There are various configuration items that affect the performance of compression on the system. To attain high compression ratios and performance on your system, ensure that the following guidelines have been met:
  • If you have only a small number (between 10 and 20) of compressed volumes, configure them on one I/O group and do not split compressed volumes between different I/O groups.
  • For larger numbers of compressed volumes on systems with more than one I/O group, distribute compressed volumes across I/O groups to ensure access to these volumes are evenly distributed among the I/O groups.
  • Identify and use compressible data only. Different data types have different compression ratios, and it is important to determine the compressible data currently on your system. You can use tools that estimate the compressible data or use commonly known ratios for common applications and data types. Storing these data types on compressed volumes saves disk capacity and improves the benefit of using compression on your system. The following table shows the compression ratio for common applications and data types:
    Table 1. Compression ratio for data types. Table 1 describes the compression ratio of common data types and applications that provide high compression ratios.
    Data Types/Applications Compression Ratios
    Databases Up to 80%
    Server or Desktop Virtualization Up to 75%
    Engineering Data Up to 70%
    Email Up to 80%
  • Ensure that you have an extra 10% of capacity in the pools that are used for compressed volumes for the additional metadata and to provide an error margin in the compression ratio.
  • Use compression on homogeneous volumes.
  • Avoid using any client, file-system, or application based-compression with the system compression.
  • Do not compress encrypted data.

To use compressed volumes without affecting performance of existing non-compressed volumes in a pre-existing system, ensure that you understand the way that resources are re-allocated when the first compressed volume is created.

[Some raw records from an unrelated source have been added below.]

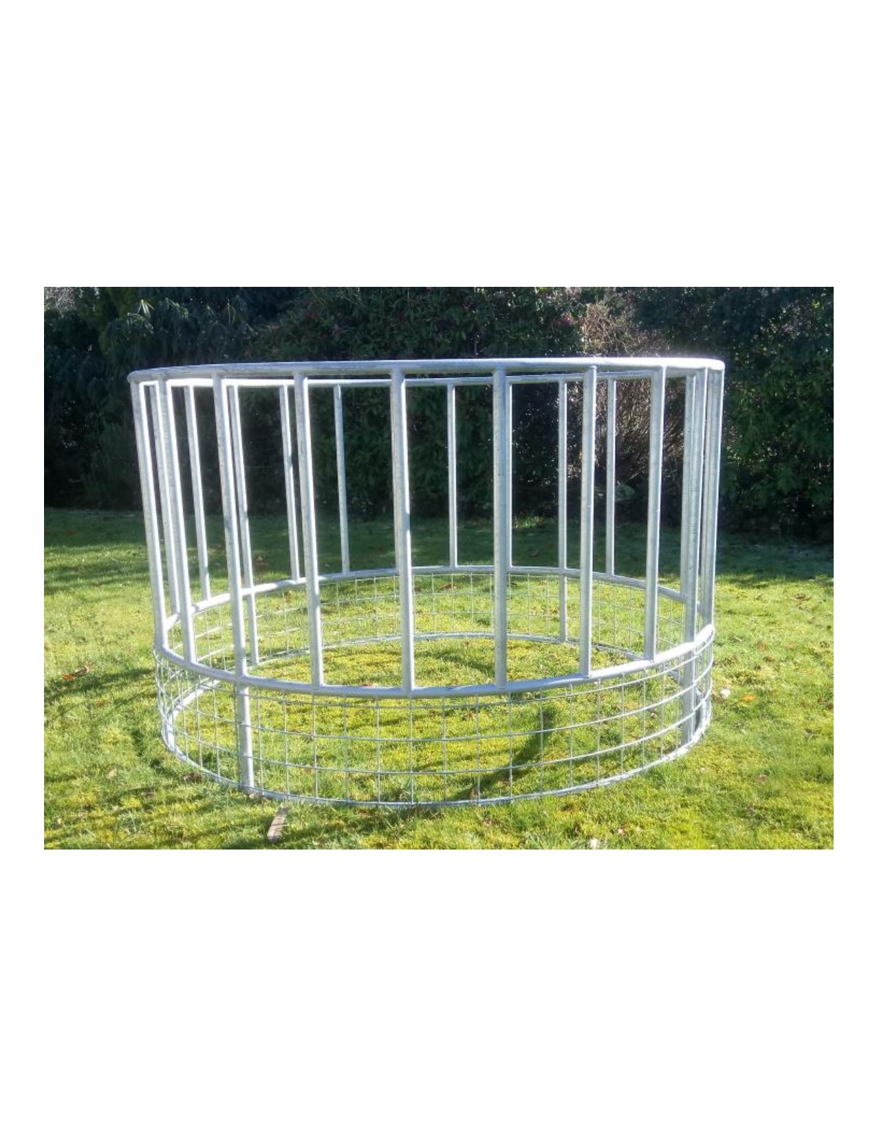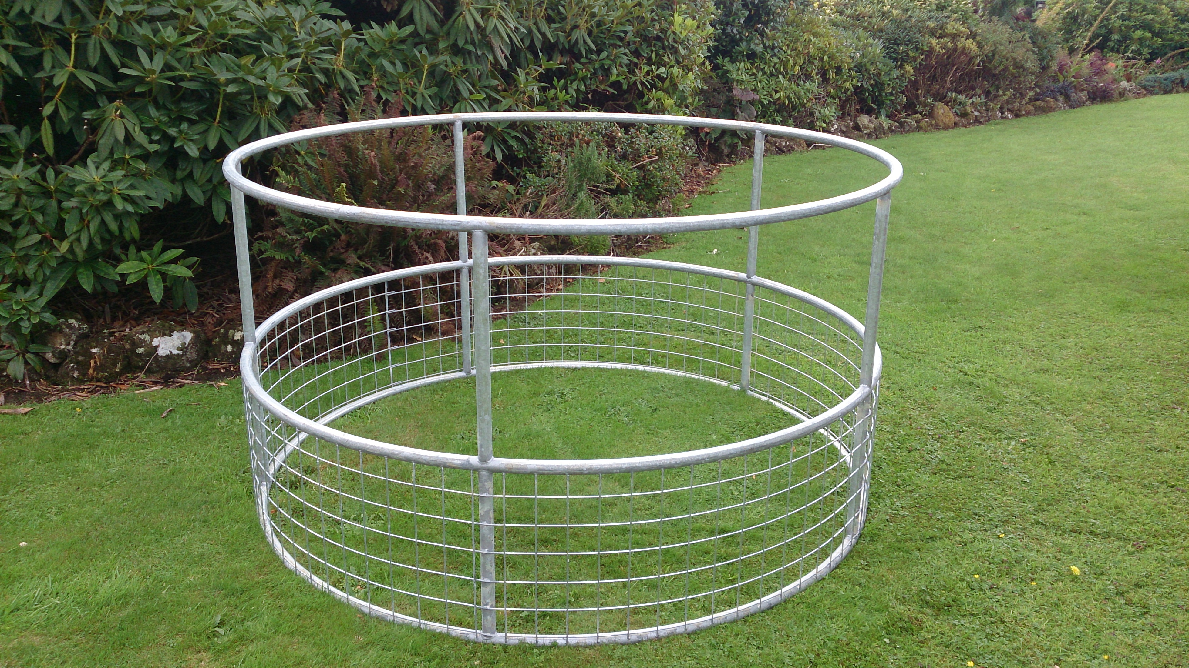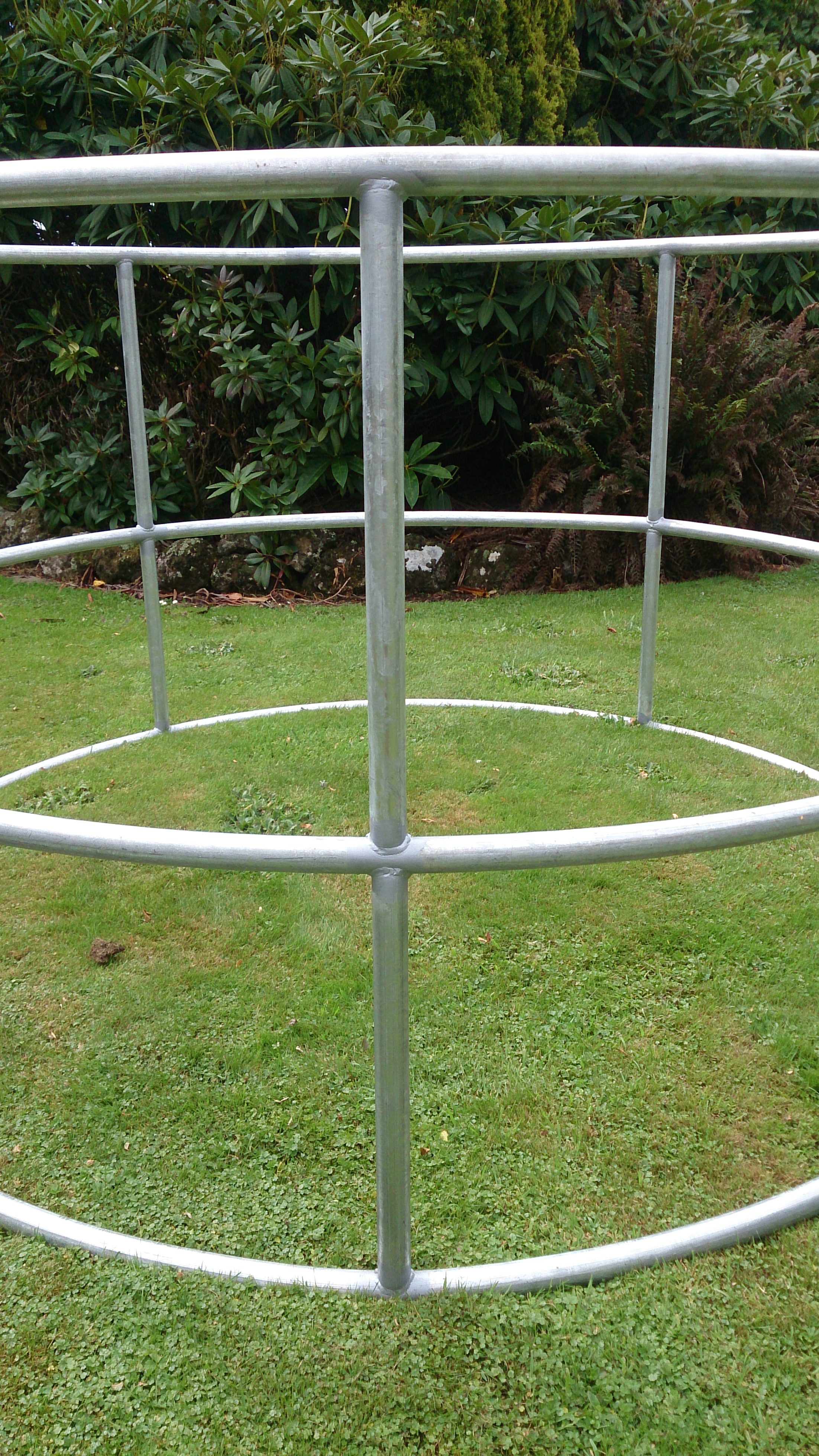 1.6 diameter, 1m high with 24 uprights. Fabricated out of 20nb medium wall, NZ mills galvanized pipe. The bottom mesh is 300mm high. This ring allows sheep to gain access to the bale without trampling on it.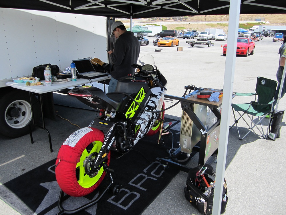 Team Icon Brammo Motorcycles waiting for practice to start.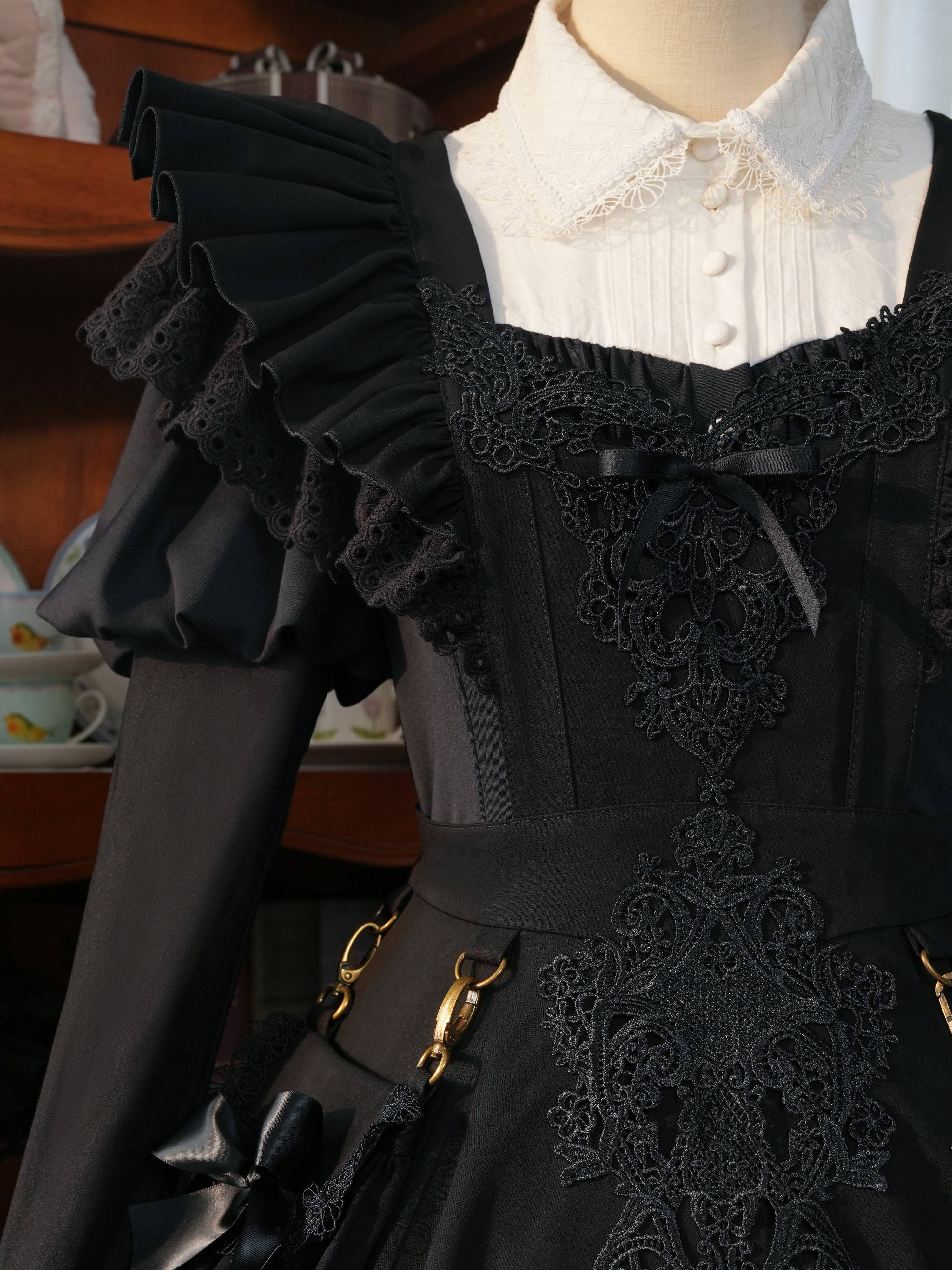 胸元から裾へ流れる装飾が、コーディネートに上品な立体感を与えます。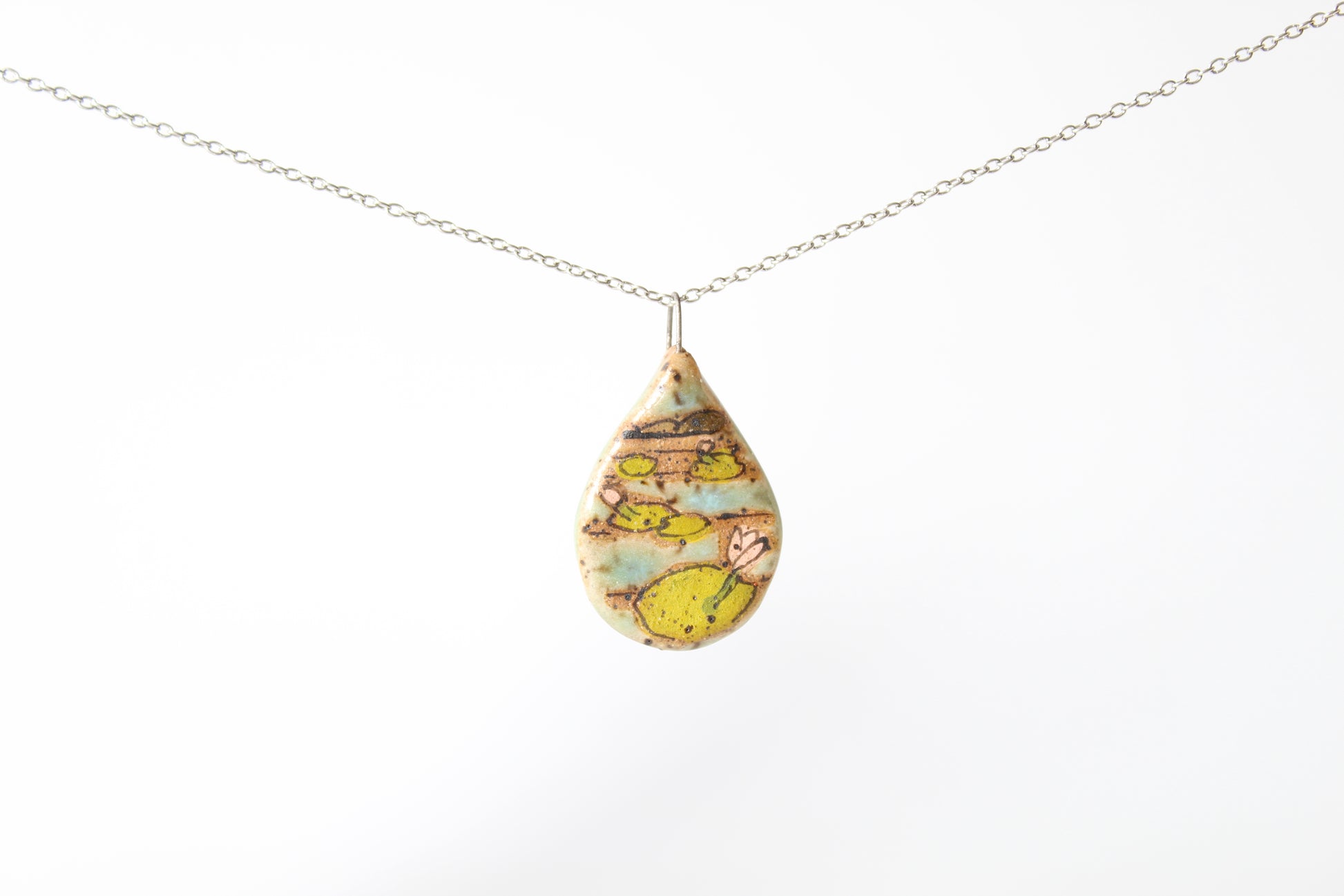Ceramic pendant with choice of 16, 18 or 20 inch stainless steel cable chain with lobster clasp.

Compression requires dedicated hardware resources within the node canisters which are assigned or de-assigned when compression is enabled or disabled. Compression is enabled whenever the first compressed volume in an I/O group is created and is disabled when the last compressed volume is removed from the I/O group.

As a result of the reduced hardware resources available to process non-compressed host-to-disk I/O, you should not create compressed volumes if the CPU utilization of node canisters in an I/O group is consistently above values in the following table. Performance might be degraded for existing non-compressed volumes in the I/O group if compressed volumes are created.

Use Monitoring > Performance in the management GUI during periods of high host workload to measure CPU utilization.

Table 2. CPU utilization of node canisters
Per Node Canister Lenovo Storage V7000 Gen1 Lenovo Storage® V7000 Gen2
CPU already close to or above: 25% 50%

Hints and tips are available in the IBM Redbooks® Solution Guide titled Implementing IBM Real-time Compression in SAN Volume Controller and IBM Lenovo Storage V7000, and in the IBM Redpaper™ publication titled Real-time Compression in SAN Volume Controller and Lenovo Storage V7000.